# [Problem requirements]
Below are the records; give again exactly the lines from the one containing "CBSE postpones Class" through the one containing "录取的学生们收到的录取通知书是由Alfred University (阿尔弗莱德大学)颁发的正式大学本科录取通知书,不是预科。", leaving out pictures.

# [Extracted records]
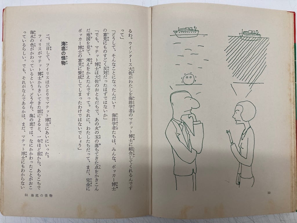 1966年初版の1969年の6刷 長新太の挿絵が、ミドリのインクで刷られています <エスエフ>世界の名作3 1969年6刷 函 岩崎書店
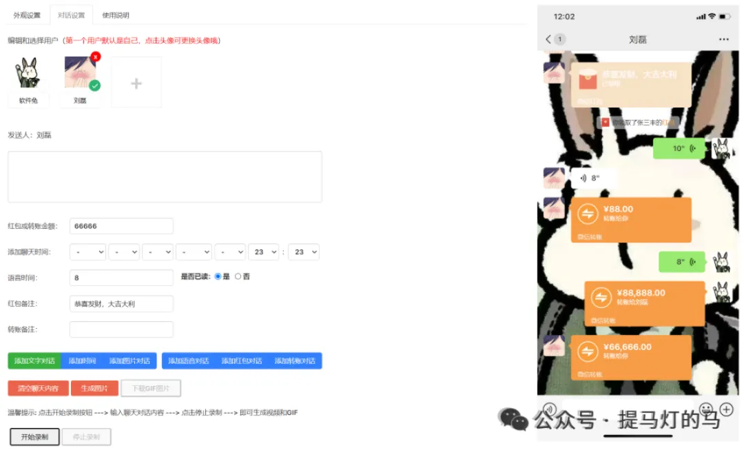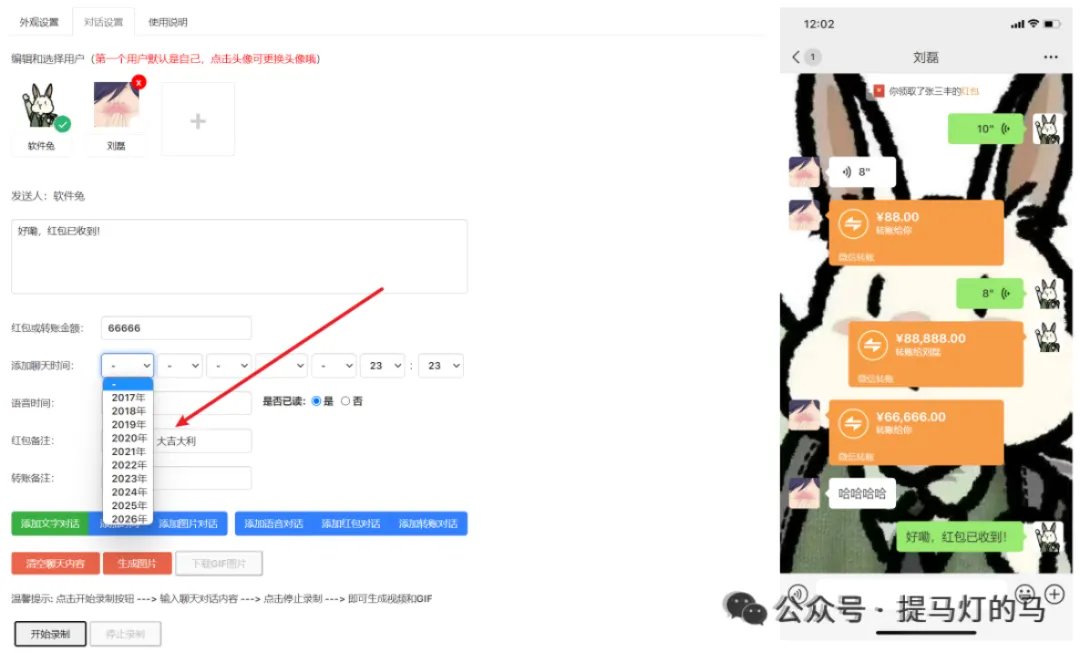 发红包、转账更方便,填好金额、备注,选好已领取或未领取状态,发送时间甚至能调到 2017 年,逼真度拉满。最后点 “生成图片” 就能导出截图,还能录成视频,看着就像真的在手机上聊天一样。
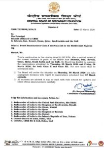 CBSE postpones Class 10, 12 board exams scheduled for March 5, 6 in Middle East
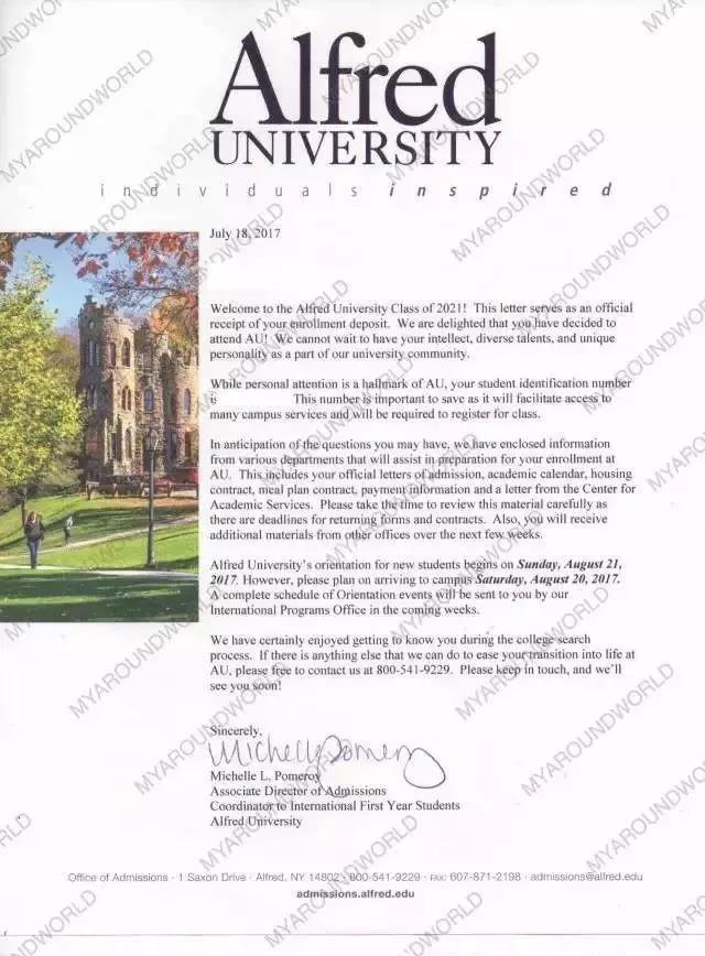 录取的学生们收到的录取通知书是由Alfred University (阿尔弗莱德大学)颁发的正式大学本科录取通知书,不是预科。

...

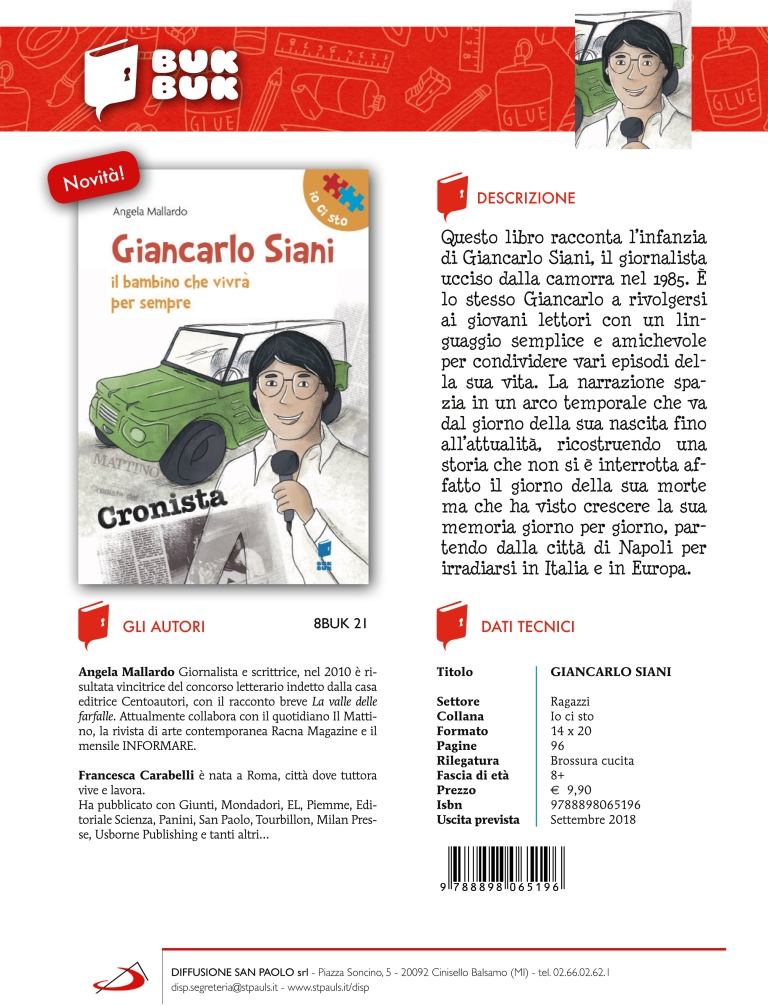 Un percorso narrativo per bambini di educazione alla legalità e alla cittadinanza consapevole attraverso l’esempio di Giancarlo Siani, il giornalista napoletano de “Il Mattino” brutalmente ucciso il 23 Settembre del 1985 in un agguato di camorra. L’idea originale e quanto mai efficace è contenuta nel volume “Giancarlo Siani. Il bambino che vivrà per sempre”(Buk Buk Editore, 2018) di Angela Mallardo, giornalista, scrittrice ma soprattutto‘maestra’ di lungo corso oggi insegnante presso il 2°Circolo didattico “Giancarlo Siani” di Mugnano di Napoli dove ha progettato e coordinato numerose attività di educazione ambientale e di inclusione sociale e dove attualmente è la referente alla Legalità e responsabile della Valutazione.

# [Finished exercise]
 CBSE postpones Class 10, 12 board exams scheduled for March 5, 6 in Middle East
 录取的学生们收到的录取通知书是由Alfred University (阿尔弗莱德大学)颁发的正式大学本科录取通知书,不是预科。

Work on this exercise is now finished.